If we receive marketing approval
from the FDA, we could face liability if a regulatory authority determines that we are promoting off-label use of our products.
A company may not promote off-label uses for its drug products. An off-label use is the use of a product for an indication that is
not described in the products FDA-approved label or for uses that differ from those approved by other applicable regulatory agencies. Physicians, on the other hand, may prescribe products for off-label uses. Although the FDA and other
regulatory agencies do not regulate a physicians choice of drug treatment, they do restrict promotional communications from pharmaceutical companies or their sales force with respect to off-label uses of products for which marketing clearance
has not been issued. A company that is found to have promoted off-label use of its product may be subject to significant liability, including civil and criminal sanctions. If we begin marketing any product, we intend to comply with the FDA and other
regulatory agencies with respect to our promotion of our products, but we cannot be sure that the FDA or other regulatory agencies will agree that we have not violated their restrictions. As a result, we may be subject to criminal and civil
liability.
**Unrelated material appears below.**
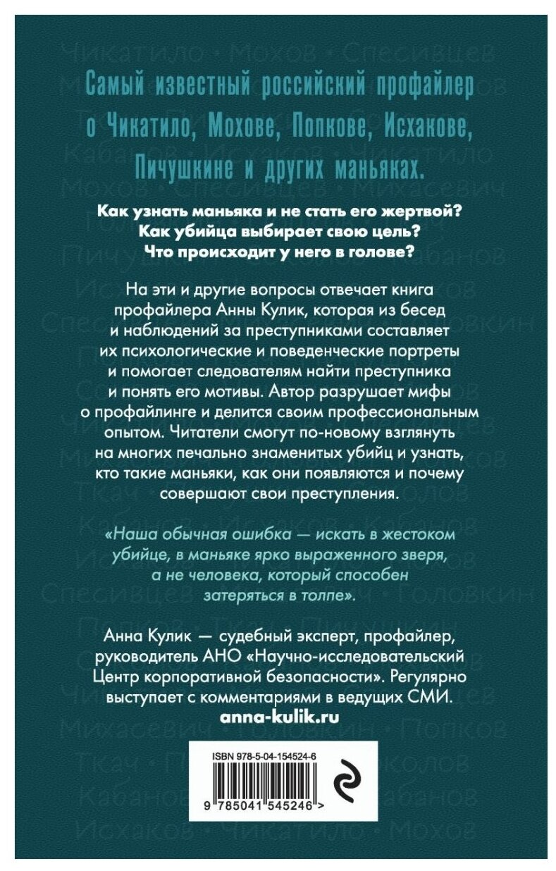 "Книга произвела на меня сильное впечатление. Написана профессионально, со знанием предмета. Легко читается. Автором проделана огромная работа. Прежде чем начать увлекательный рассказ об отдельных преступниках, она знакомит читателей с базовыми представлениями о том, кто такие серийные убийцы и маньяки. Раскрывая эти понятия, Анна Кулик опирается на мнения многих известных специалистов в этой области, таких как Антонян, Бухановский и других. В соответствующих главах автор убедительно описывает процесс того, как конкретные личности становились маньяками. Рекомендовал бы эту книгу работникам следственных органов и всем интересующимся криминологией". - АМУРХАН ЯНДИЕВ, полковник юстиции в отставке, участвовал в поимке серийных убийц Чикатило, Муханкина и других преступников.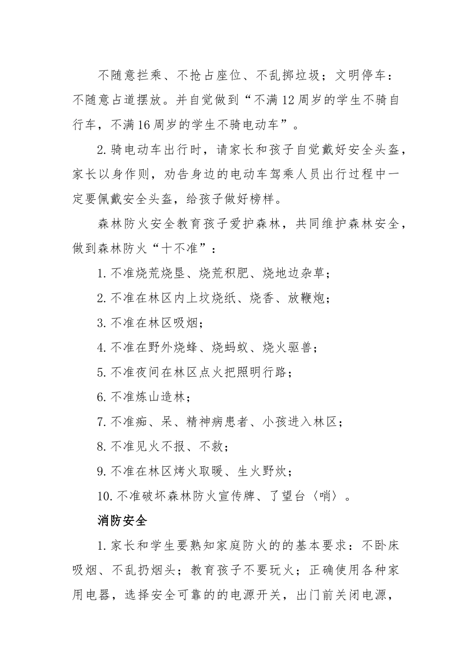 学校安全告家长书尊敬的家长:您好!孩子的安全关系到每一个家庭的幸福,为了避免安全事故的发生,我们恳请各位家长密切配合,务必增强安全意识和监护意识,切实承担起监护责任,加强对孩子的教育和管理。现提醒家长教育孩子做到以下几点:预防溺水1.教育孩子不去河、湖、水边玩耍,做到“六不准”(即不准私自下水游泳;不准擅自与他人结伴游泳;不在无家长陪伴的情况下游泳;不准到不熟悉的水域游泳;不准到无安全设施、无救护人员的水域游泳;不准不会水性的学生擅自下水施救)。2.提醒孩子做到“四不要”(即不要在没有家长陪同下私自下水游泳;不要在未设置警示标识的水域游泳;不要在没有安全保障的地方和野外的水源地游泳;不要在上下学的途中和度假期在水源周边戏水)。3.时刻关注孩子的去向,做到“四知”(即知去向;知活动内容;知同伴;知归时)。交通安全1.教育孩子外出时必须严格遵守交通规则,遵守文明公约:不闯红灯、不走车行道、不乱穿马路、不攀越交通护栏、不沿马路并肩行走;文明乘车:不乱上乱下、不强行上下、不随意拦乘、不抢占座位、不乱掷垃圾;文明停车:不随意占道摆放。并自觉做到“不满12周岁的学生不骑自行车,不满16周岁的学生不骑电动车”。2.骑电动车出行时,请家长和孩子自觉戴好安全头盔,家长以身作则,劝告身边的电动车驾乘人员出行过程中一定要佩戴安全头盔,给孩子做好榜样。森林防火安全教育孩子爱护森林,共同维护森林安全,做到森林防火“十不准”:1.不准烧荒烧垦、烧荒积肥、烧地边杂草;2.不准在林区内上坟烧纸、烧香、放鞭炮;3.不准在林区吸烟;4.不准在野外烧蜂、烧蚂蚁、烧火驱兽;5.不准夜间在林区点火把照明行路;6.不准炼山造林;7.不准痴、呆、精神病患者、小孩进入林区;8.不准见火不报、不救;9.不准在林区烤火取暖、生火野炊;10.不准破坏森林防火宣传牌、了望台〈哨〉。消防安全1.家长和学生要熟知家庭防火的的基本要求:不卧床吸烟、不乱扔烟头;教育孩子不要玩火;正确使用各种家用电器,选择安全可靠的的电源开关,出门前关闭电源,定期排查家中电器、电线、设备是否存在安全隐患,不使用“三无电器”;在家庭中配备必要的灭火器材。2.指导孩子学习并掌握消防安全基本知识,懂得预防火灾的方法,懂得如何使用灭火器,懂得通过消防通道疏散和应急逃生方法。家庭储备75°酒精、84消毒液等消毒物品,存放的位置要避免高温,严禁接触火源,严禁孩子碰触此类物品。饮食安全1.教育孩子提高食品安全防范意识,注意饮食安全。不吃过期变质的食物,尽量选择新鲜的食品,少吃冷饮,不可暴饮暴食,警惕急性肠道传染病。2.引导孩子购买食物时,注意食品包装有无生产厂家、生产日期,保质期,食品原料等内容,不能购买三无产品不吃没有卫生保障的食品,不吃没有清洗干净的食物,不喝生水;帮助孩子养成合理、良好的饮食习惯。心理安全孩子的成长需要父母的陪伴,家长要多与孩子沟通交流,关心孩子的生活和学习,切忌用粗暴的方式教育子女营造愉快的家庭氛围,教育孩子树立正确的人生观、价值观,学会与人沟通、与人和睦相处,学会倾听与倾诉,遇事不走极端。网络安全提醒孩子提高自我防备,注意个人信息的保护,不要将重要的信息如家庭地址、个人电话等告诉陌生人。不要轻信网友,远离校园贷款、网络诈骗。不沉迷于手机或网络游戏,要文明上网,讲求网络道德,不登录不健康的网站。同时注意控制上网时间,保护视力。孩子的安全是您和我们最大的牵挂,希望各位家长能以孩子安全为重,配合学校做好以上工作。根据自己孩子的性格特点,在涉及安全的各个方面做好安全教育和监护工作。家长们千忙万忙,对孩子安全教育不可忘,您们的一句话,一个提醒,可能会对孩子的人生产生毕生的影响孩子的健康成长,是家长们的幸福,是学校的欣慰,是祖国的期望。让我们密切配合,共同营造安全、祥和的育人氛围。

In addition, our managements attention could be diverted to handle any such alleged violations.
If we are unable to establish
sales and marketing capabilities or enter into agreements with third parties to sell and market any products we may develop, we may not be able to generate product revenues.
While we have begun to establish a small commercial team, we do not currently have a complete organization for the sales, marketing and
distribution of pharmaceutical products. In order to market any products that may be approved by the FDA, we must build our sales, marketing, managerial, and related capabilities or make arrangements with third parties to perform these services. If
we are unable to establish adequate sales, marketing, and distribution capabilities, whether independently or with third parties, we may not be able to generate product revenues and may not become profitable.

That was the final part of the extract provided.